▶ **DESCRIPTION OF THE TASK**:
The output has to be the full set of records, reproduced exactly, minus any picture.

▶ **RECORDS FOR THE EXERCISE**:
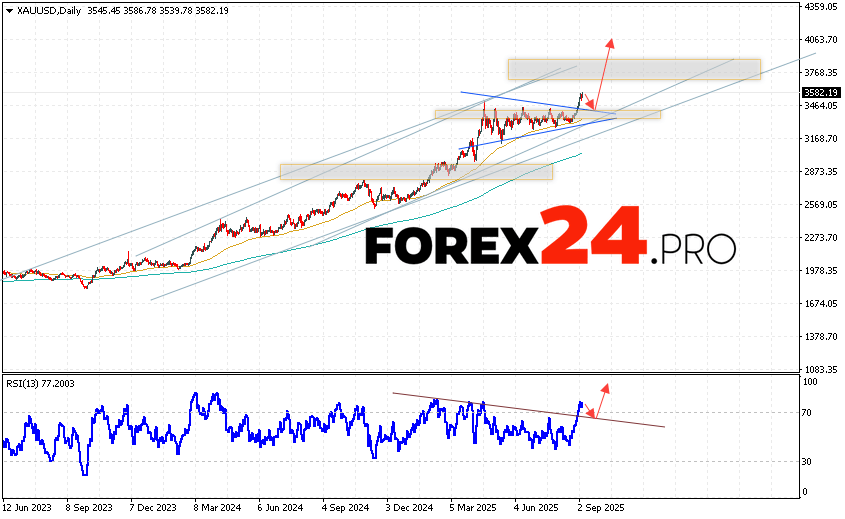 GOLD Weekly Forecast XAU/USD September 8 – 12, 2025 suggests an attempt to develop a bearish correction and test the support level near the 3465 area. Then, a continuation of the growth of GOLD prices with a target above 4065. A test of the trend line on the relative strength indicator will be in favor of increasing quotes. The cancellation of the growth option for GOLD will be a fall and a breakout of the 3245 level. This will indicate a continuation of the decline in quotes to the area below the 2785 level.
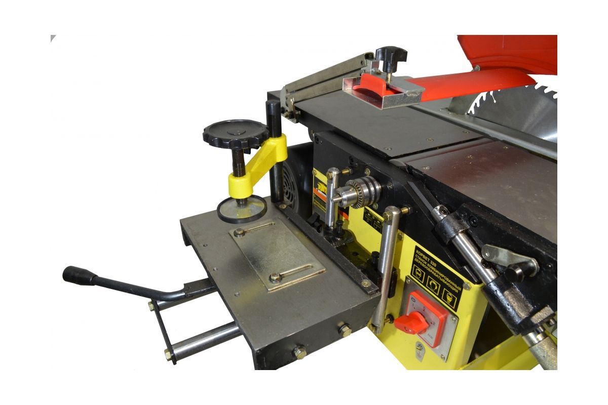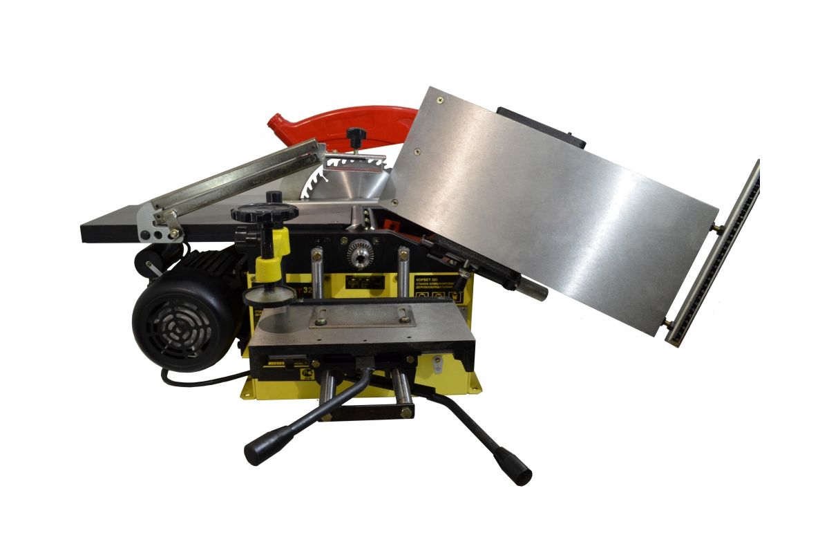 Энкор Корвет-320 93200 – комбинированный станок для поперечного и продольного пиления, сверления отверстий и фрезеровки. Мощность 1500 Вт. Максимально возможная частота вращения вала - 3500 об/мин.
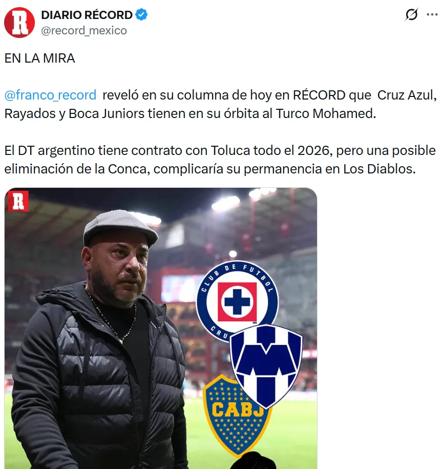 “Toluca apostó fuerte por la Concacaf, en parte están convencidos de que si son campeones, el Turco podría quedarse hasta diciembre para dirigir a los escarlata en la Copa Intercontinental. Sin embargo, la derrota de ayer en Los Ángeles complica el objetivo. Estoy convencido de que la serie contra Pachuca pasa a segundo término y buscarán con todo revertir al LAFC en el Nemesio para tratar de que se quede Mohamed”, expresó Francotirador en su columna de Diario Récord.
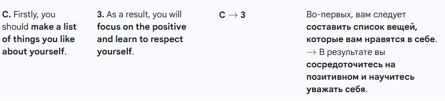 3. Read the rubric. Match the suggestions to the results. (Прочитайте задание. Сопоставьте предложения с результатами.)
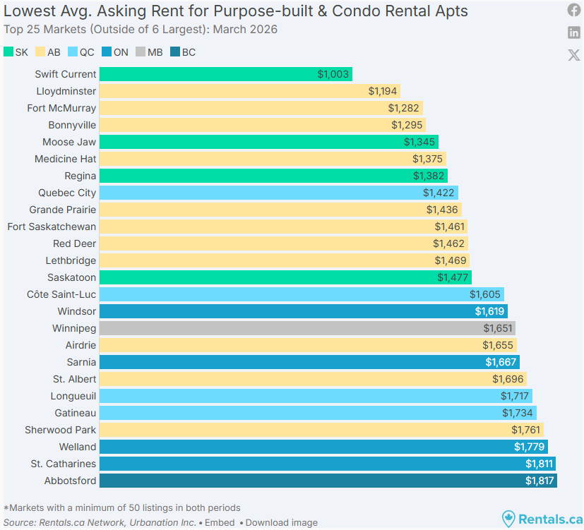 全国最可负担的大城市(人口前25)包括里贾纳(Regina)(1,379加元)、萨斯卡通(Saskatoon)(1,441加元)和魁北克市(Quebec City)(1,447加元)。
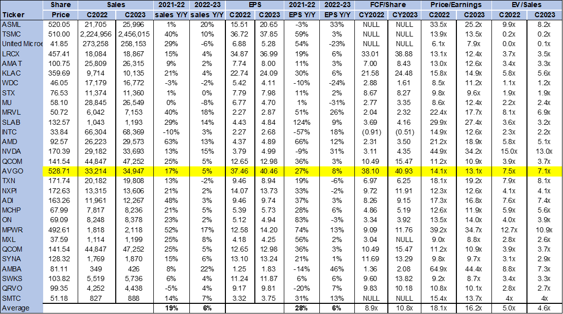 AVGO is trading at around $529. The stock is relatively cheap compared to the peer group. On a P/E basis, AVGO is trading at about 13.1x C2023 EPS of $40.46 compared to the group average of 16.2x. However, on an EV/Sales basis, the stock is more expensive than the peer group. The stock is trading at 7.1x C2023 on an EV/Sales basis compared to an average of 4.6x. The following chart illustrates the semiconductor peer group valuation.
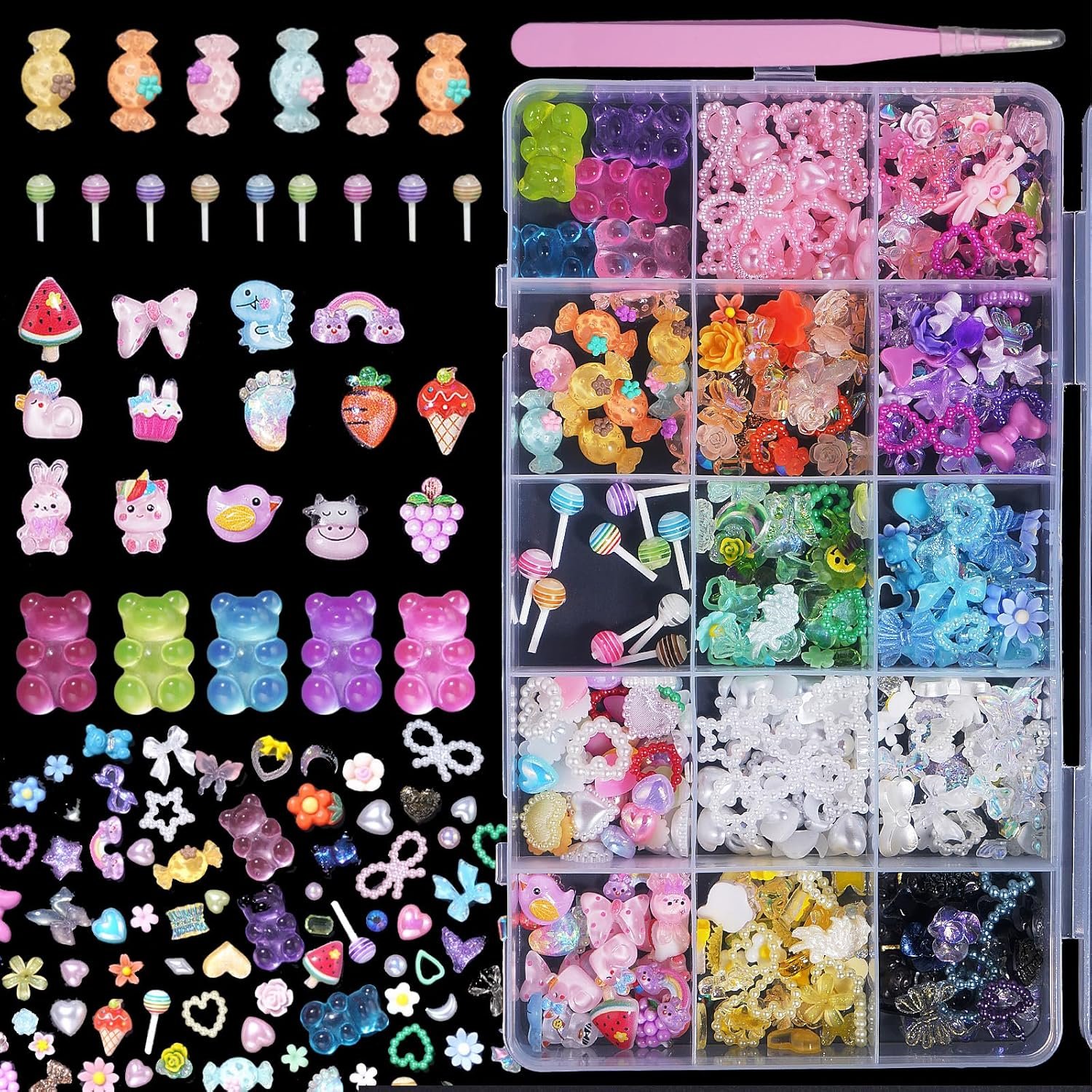Color Assorted Nail Charms: You will get a box of 15grids of 3D color nail charms. Mixed color and mix styles nail charms
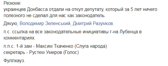 Резюме: украинцев Донбасса отдали на откуп депутату, который за 5 лет ничего полезного не сделал для нас как законодатель.
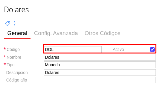 Crear una moneda en el maestro de “MONEDA” llamada Dólares cuyo código sea “DOL” y tenga tildado el check de “Activo”
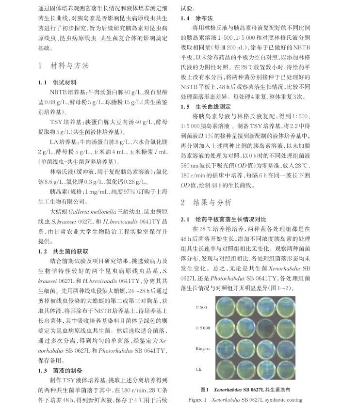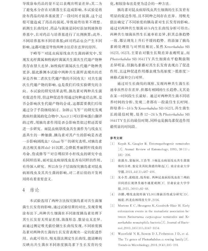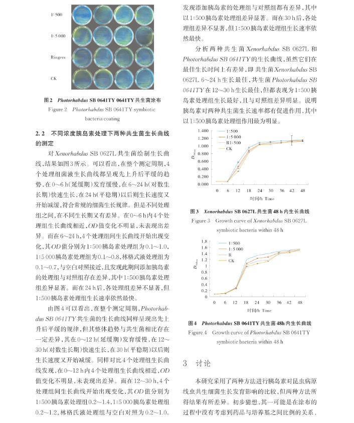 【方法】通过固体培养观测菌落生长和液体培养测定细菌生长曲线,探究胰岛素对昆虫病原线虫共生菌生长发育的影响,从而为进一步研究胰岛素对昆虫病原线虫及其共生菌生长发育的影响提供理论依据和技术支持。
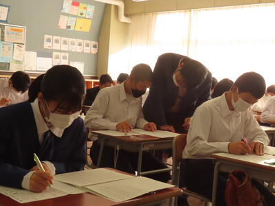 本日の授業の様子をお伝えします。本日、3年生は最後の実力テストでした。ちょうど三者面談の最中でもあり、少しずつ進路も決まってきた頃だと思います。そんな中行われたテストに3年生は真剣そのものに取り組んでいました。
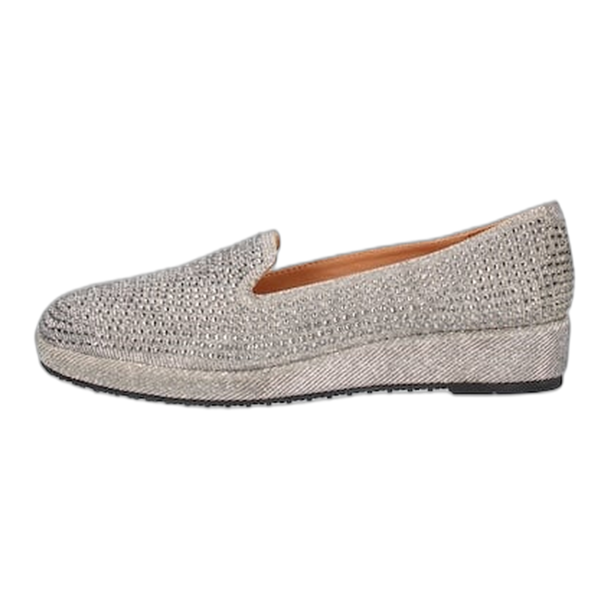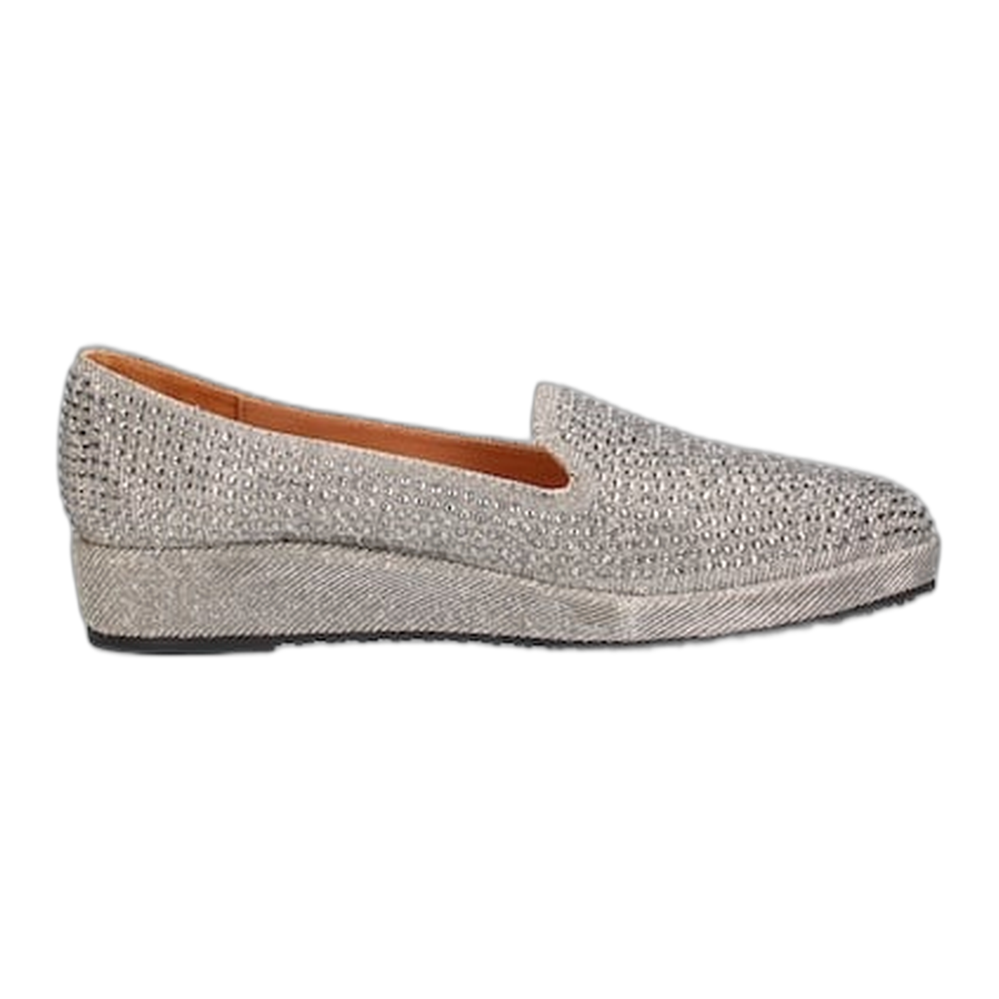 This fabric/rhinestones round toe loafer has a memory foam insole, leather lining and synthetic outsole. This slip on shoe is on a 1.25 inch heel.

▶ **RESPONSE TO THIS TASK**:
 GOLD Weekly Forecast XAU/USD September 8 – 12, 2025 suggests an attempt to develop a bearish correction and test the support level near the 3465 area. Then, a continuation of the growth of GOLD prices with a target above 4065. A test of the trend line on the relative strength indicator will be in favor of increasing quotes. The cancellation of the growth option for GOLD will be a fall and a breakout of the 3245 level. This will indicate a continuation of the decline in quotes to the area below the 2785 level.
 Энкор Корвет-320 93200 – комбинированный станок для поперечного и продольного пиления, сверления отверстий и фрезеровки. Мощность 1500 Вт. Максимально возможная частота вращения вала - 3500 об/мин.
 “Toluca apostó fuerte por la Concacaf, en parte están convencidos de que si son campeones, el Turco podría quedarse hasta diciembre para dirigir a los escarlata en la Copa Intercontinental. Sin embargo, la derrota de ayer en Los Ángeles complica el objetivo. Estoy convencido de que la serie contra Pachuca pasa a segundo término y buscarán con todo revertir al LAFC en el Nemesio para tratar de que se quede Mohamed”, expresó Francotirador en su columna de Diario Récord.
 3. Read the rubric. Match the suggestions to the results. (Прочитайте задание. Сопоставьте предложения с результатами.)
 全国最可负担的大城市(人口前25)包括里贾纳(Regina)(1,379加元)、萨斯卡通(Saskatoon)(1,441加元)和魁北克市(Quebec City)(1,447加元)。
 AVGO is trading at around $529. The stock is relatively cheap compared to the peer group. On a P/E basis, AVGO is trading at about 13.1x C2023 EPS of $40.46 compared to the group average of 16.2x. However, on an EV/Sales basis, the stock is more expensive than the peer group. The stock is trading at 7.1x C2023 on an EV/Sales basis compared to an average of 4.6x. The following chart illustrates the semiconductor peer group valuation.
Color Assorted Nail Charms: You will get a box of 15grids of 3D color nail charms. Mixed color and mix styles nail charms
 Резюме: украинцев Донбасса отдали на откуп депутату, который за 5 лет ничего полезного не сделал для нас как законодатель.
 Crear una moneda en el maestro de “MONEDA” llamada Dólares cuyo código sea “DOL” y tenga tildado el check de “Activo”
 【方法】通过固体培养观测菌落生长和液体培养测定细菌生长曲线,探究胰岛素对昆虫病原线虫共生菌生长发育的影响,从而为进一步研究胰岛素对昆虫病原线虫及其共生菌生长发育的影响提供理论依据和技术支持。
 本日の授業の様子をお伝えします。本日、3年生は最後の実力テストでした。ちょうど三者面談の最中でもあり、少しずつ進路も決まってきた頃だと思います。そんな中行われたテストに3年生は真剣そのものに取り組んでいました。
 This fabric/rhinestones round toe loafer has a memory foam insole, leather lining and synthetic outsole. This slip on shoe is on a 1.25 inch heel.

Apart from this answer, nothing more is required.